:: Provided material ::
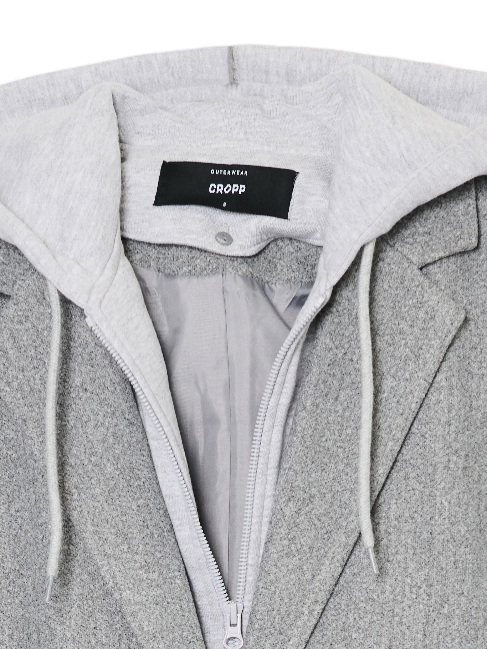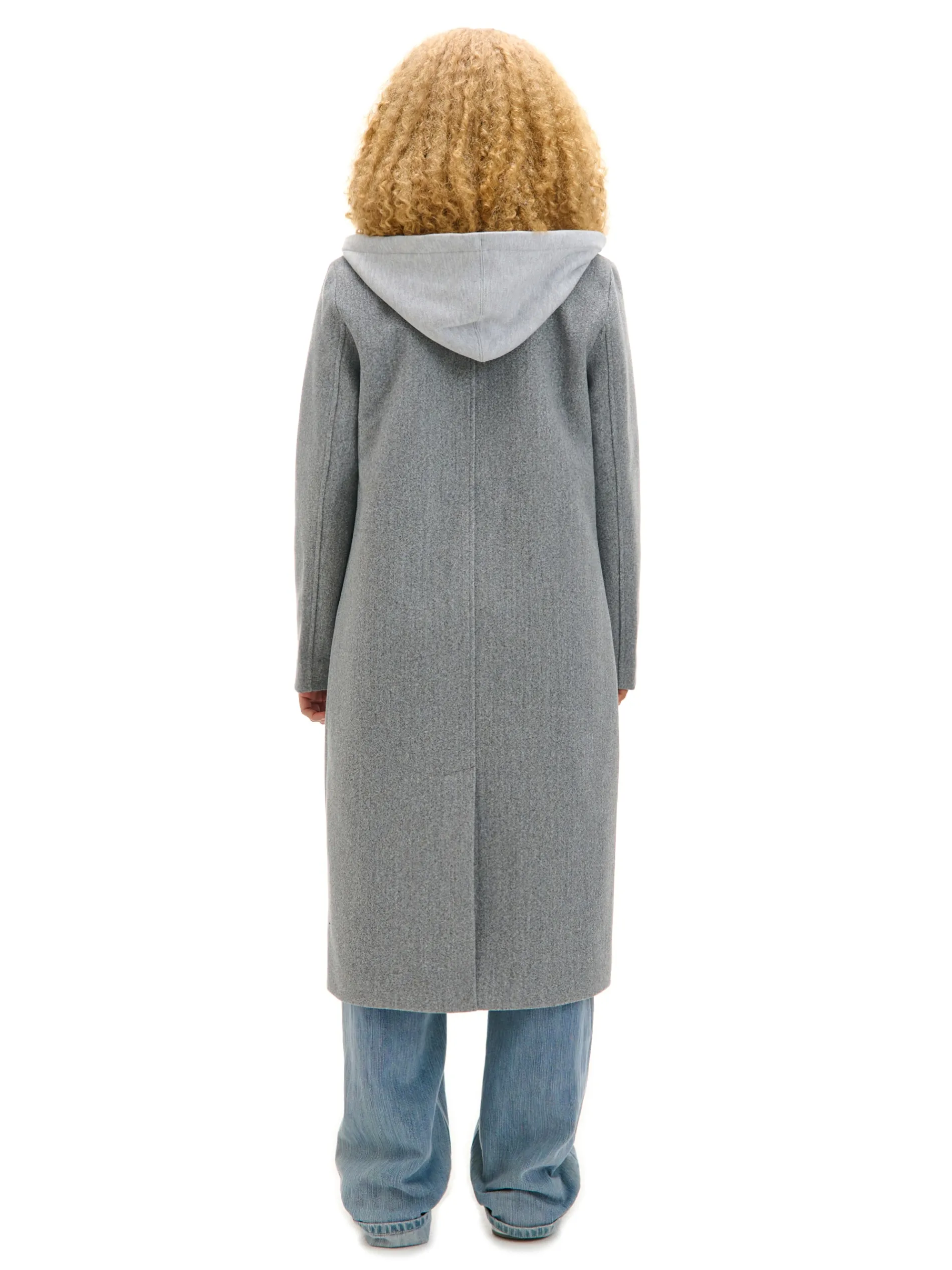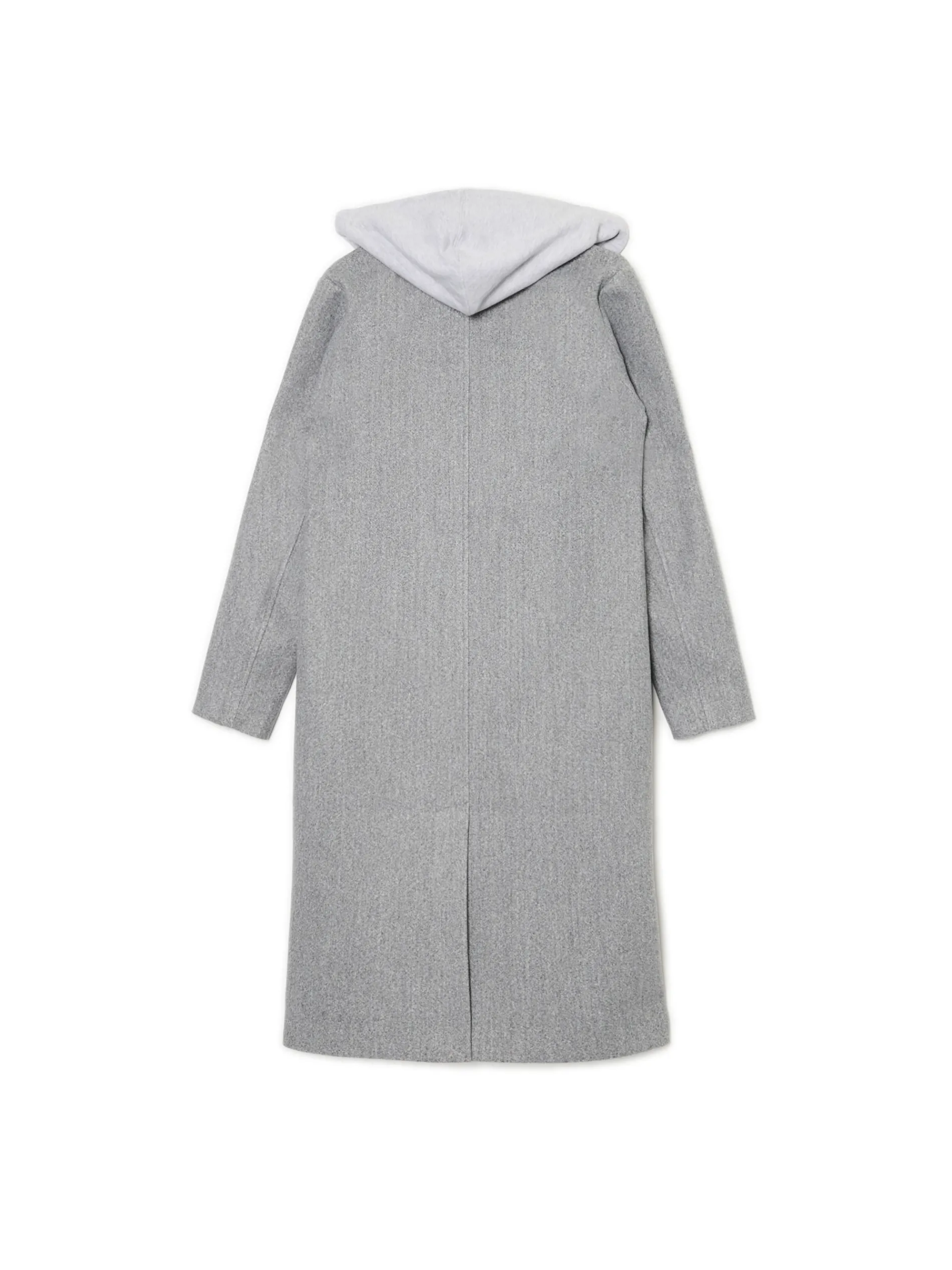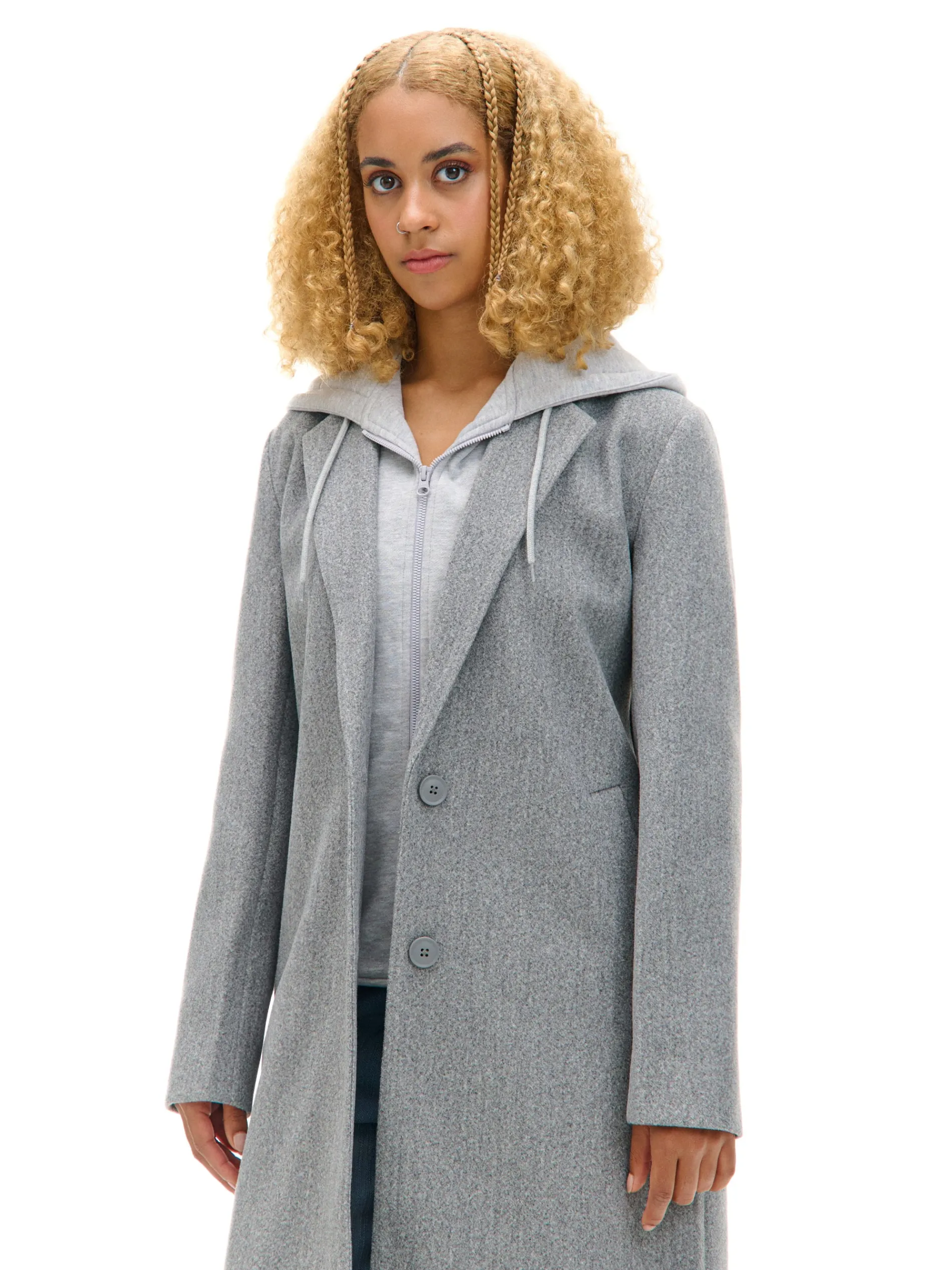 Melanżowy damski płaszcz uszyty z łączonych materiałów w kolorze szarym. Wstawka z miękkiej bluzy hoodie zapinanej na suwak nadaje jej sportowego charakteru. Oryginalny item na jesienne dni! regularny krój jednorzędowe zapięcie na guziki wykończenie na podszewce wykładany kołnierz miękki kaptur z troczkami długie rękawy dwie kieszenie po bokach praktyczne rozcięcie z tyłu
:::
:: Provided material ::
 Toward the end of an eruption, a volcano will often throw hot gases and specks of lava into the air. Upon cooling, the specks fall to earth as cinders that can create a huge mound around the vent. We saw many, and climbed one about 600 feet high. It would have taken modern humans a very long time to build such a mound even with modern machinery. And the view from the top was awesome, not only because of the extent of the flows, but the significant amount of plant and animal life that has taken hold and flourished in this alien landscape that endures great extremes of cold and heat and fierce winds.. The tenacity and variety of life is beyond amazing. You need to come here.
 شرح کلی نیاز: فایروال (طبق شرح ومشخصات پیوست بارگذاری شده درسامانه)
:::
:: Provided material ::
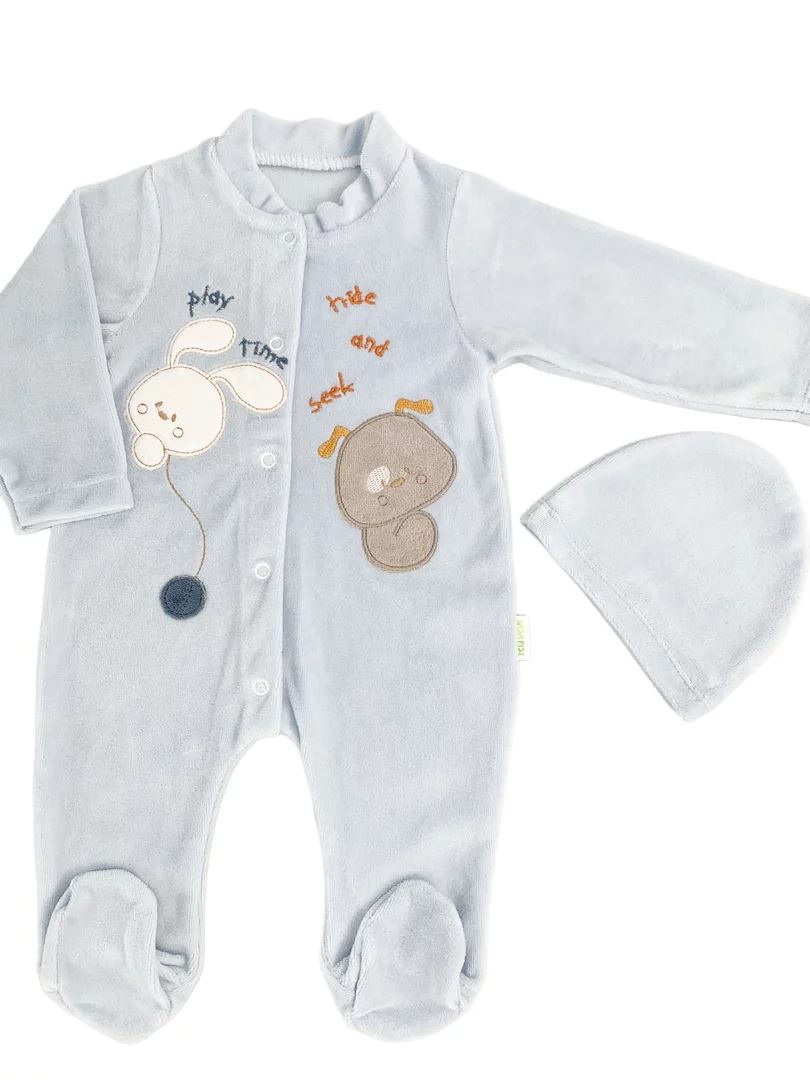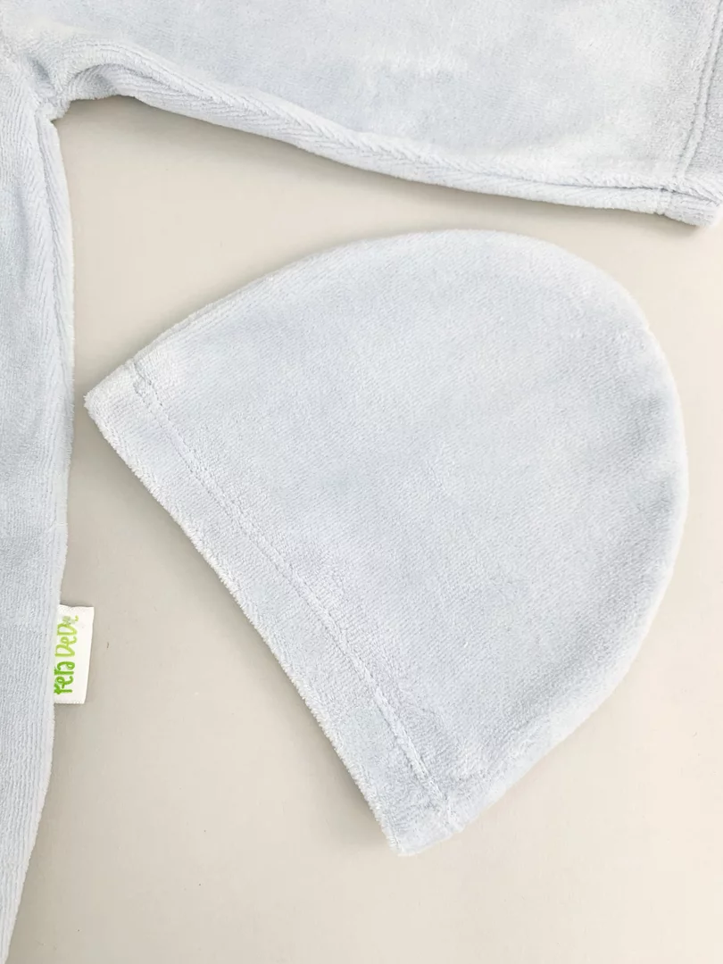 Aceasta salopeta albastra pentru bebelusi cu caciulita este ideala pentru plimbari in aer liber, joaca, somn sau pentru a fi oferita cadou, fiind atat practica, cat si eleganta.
:::
All lines in the listing above between the line with "Toward the end" and the line with "شرح کلی نیاز: فایروال", inclusive, should be set down exactly, and no line outside that range.

 Toward the end of an eruption, a volcano will often throw hot gases and specks of lava into the air. Upon cooling, the specks fall to earth as cinders that can create a huge mound around the vent. We saw many, and climbed one about 600 feet high. It would have taken modern humans a very long time to build such a mound even with modern machinery. And the view from the top was awesome, not only because of the extent of the flows, but the significant amount of plant and animal life that has taken hold and flourished in this alien landscape that endures great extremes of cold and heat and fierce winds.. The tenacity and variety of life is beyond amazing. You need to come here.
 شرح کلی نیاز: فایروال (طبق شرح ومشخصات پیوست بارگذاری شده درسامانه)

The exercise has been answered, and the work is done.